Removing the 10 trips with MISSING_DATA true meaning they have no POLYLINE and thus no travel time.

In [5]:
missingIndex = df_tr[df_tr["MISSING_DATA"]].index
df_tr.drop(missingIndex , inplace=True)

In [6]:
print(df_tr.shape)
df_tr.head()

(1710660, 9)


Unnamed: 0,TRIP_ID,CALL_TYPE,ORIGIN_CALL,ORIGIN_STAND,TAXI_ID,TIMESTAMP,DAY_TYPE,MISSING_DATA,POLYLINE
0,1372636858620000589,C,,,20000589,1372636858,A,False,"[[-8.618643,41.141412],[-8.618499,41.141376],[..."
1,1372637303620000596,B,,7.0,20000596,1372637303,A,False,"[[-8.639847,41.159826],[-8.640351,41.159871],[..."
2,1372636951620000320,C,,,20000320,1372636951,A,False,"[[-8.612964,41.140359],[-8.613378,41.14035],[-..."
3,1372636854620000520,C,,,20000520,1372636854,A,False,"[[-8.574678,41.151951],[-8.574705,41.151942],[..."
4,1372637091620000337,C,,,20000337,1372637091,A,False,"[[-8.645994,41.18049],[-8.645949,41.180517],[-..."


# Get Computed Travel Time

Add a "LEN" column to the dataframe with a trip's travel time calculated by getting the number of elements in the POLYLINE and multiplying by 15 seconds.

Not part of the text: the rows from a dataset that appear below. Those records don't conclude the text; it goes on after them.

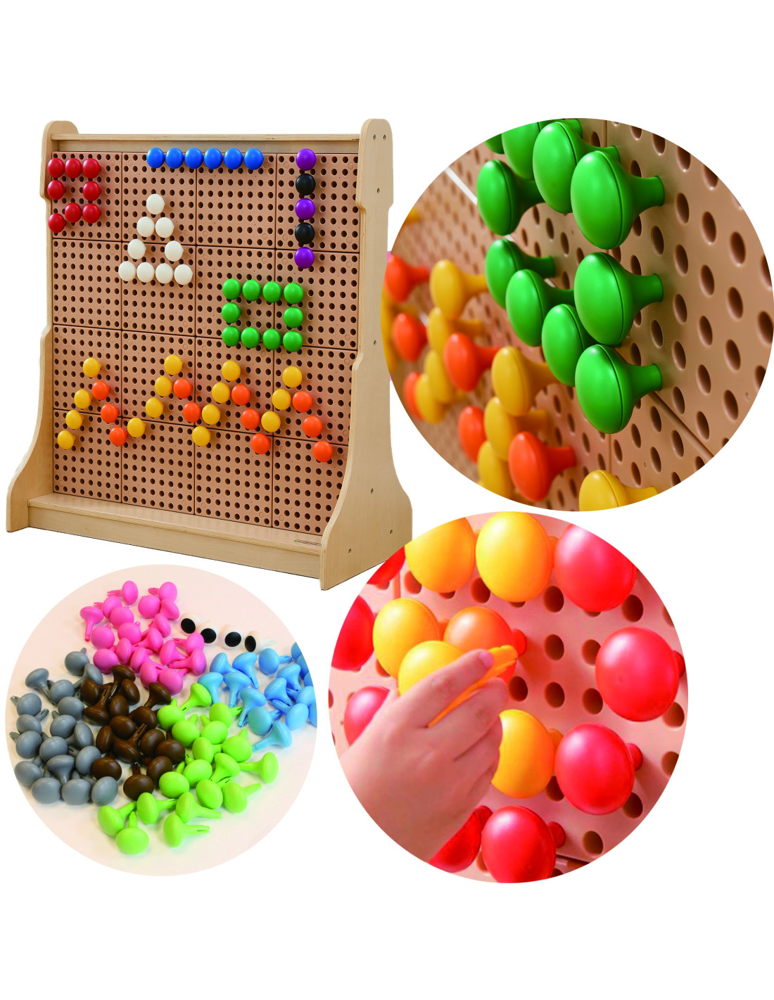 Dzięki kolorowym kołeczkom Masterkidz, stworzysz na swojej tablicy niezapomniane konstrukcje lub obrazki. Jedynym ograniczeniem jest Twoja wyobraźnia, więc puść jej wodze i stwórz coś pięknego! Kołeczki występują w 6 kolorach, więc pozwalają na tworzenie przeróżnych kompozycji.
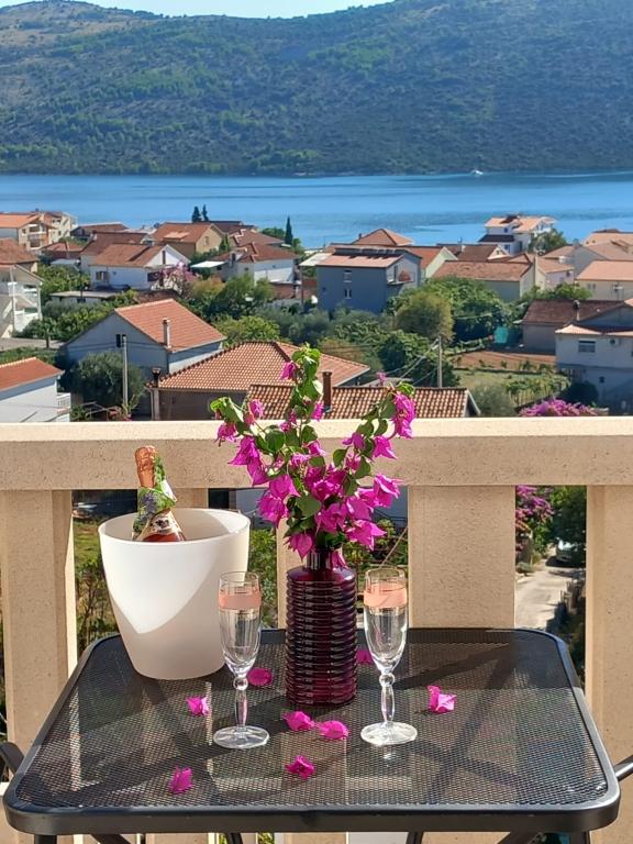 Fully equipped and modern apartments in a quiet part of Poljica with a beautiful view of the sea and the Marina bay. At your disposal a large apartment for 2-8 people with Velka balcony overlooking directly to the sea from the south side and a large terrace on the north side, which also has a sea view and is equipped with garden furniture, sun loungers and parasols, ideal for lunch and afternoon rest. The terrace is connected directly to the parking lot which is free and a small basketball court. The apartment has three bedrooms with a double-double beds, of which one room has an extra bathroom. Large spacious hallway, bathroom, kitchen and living room. In the garden there is a fireplace -gril that you can use at any time. Small apartment for 2 people has an extra entrance and private terrace surrounded by flowers and greenery, offering a breathtaking view of the sea ... Both apartments are situated in a quiet place so that you can enjoy the peace and quiet ...
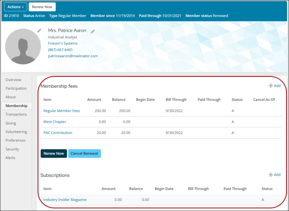 Subscriptions | Allows staff user to edit subscription data for next billing term. Details the status of the subscription data that drives the billing and the contact’s overall membership and/or subscriber status. |
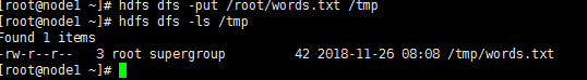[root@node1 ~]# hdfs dfs -put /root/words.txt /tmp
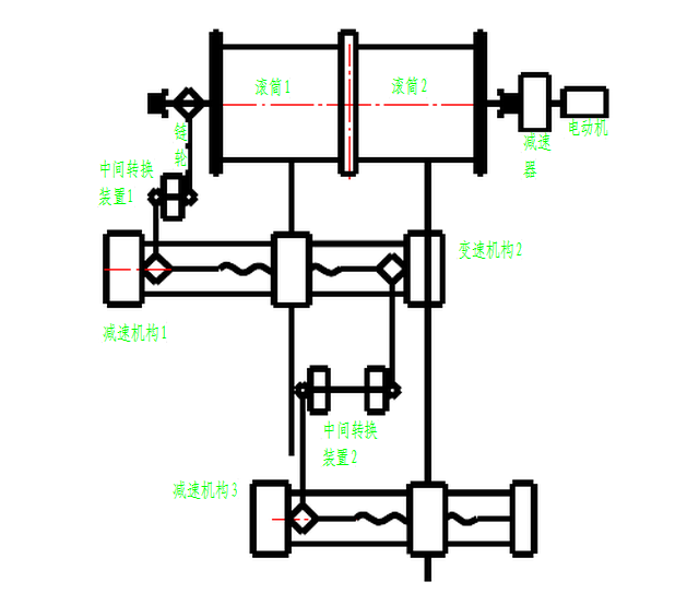 工作时通过把链轮安装在刹车滚筒上,在此取得动力源,让型号为12A的链带动链轮,再通过中间转换装置(1)和减速机构(1)传递到丝杠上,能够使得在滚筒旋转一周的情况下,丝杠能够旋转一个绳距即20毫米。为保证准确的传动比和机构的便于安装,排绳装置(2)的动力来源于排绳装置(1)的丝杠,通过变速机构(2)使速度还原,再通过链轮经中间装换装置(2)和减速机构(3)使丝杠旋转。
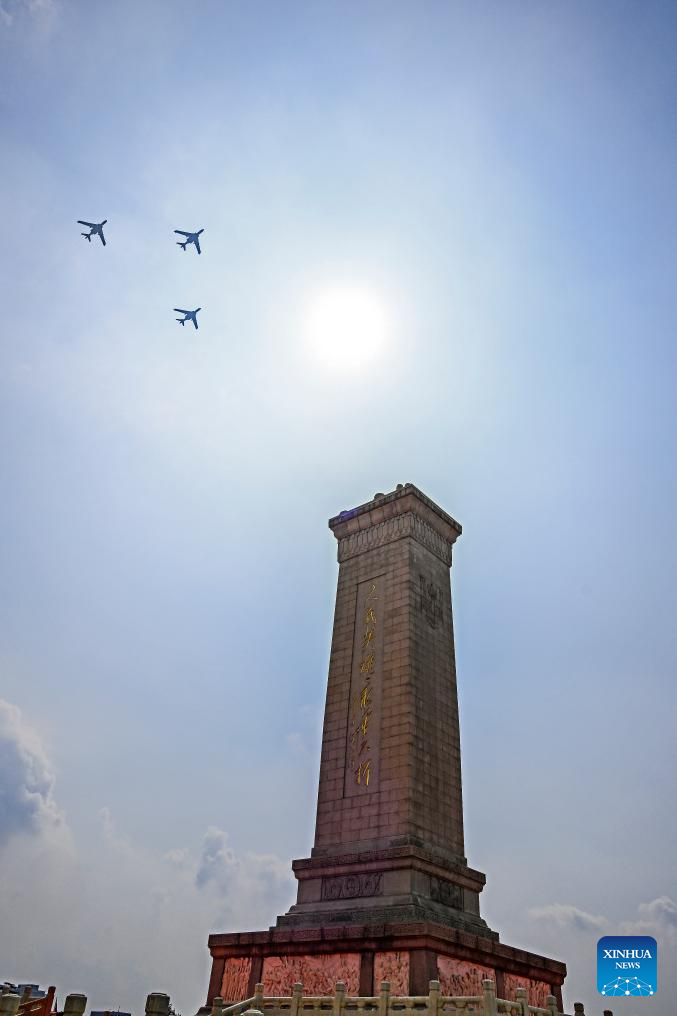 The bomber echelon flies over Tian'anmen Square during a military parade in Beijing, capital of China, Sept. 3, 2025. China on Wednesday held a grand gathering to commemorate the 80th anniversary of the victory in the Chinese People's War of Resistance against Japanese Aggression and the World Anti-Fascist War. (Xinhua/Liu Ying)

A single element in the POLYLINE represents a start longtitude/latitude and an end longtitude/latitude and represents 15 seconds of travel.

In [7]:
# Over every single 
def polyline_to_trip_duration(polyline):
  return max(polyline.count("[") - 2, 0) * 15

# This code creates a new column, "LEN", in our dataframe. The value is
# the (polyline_length - 1) * 15, where polyline_length = count("[") - 1
df_tr["LEN"] = df_tr["POLYLINE"].apply(polyline_to_trip_duration)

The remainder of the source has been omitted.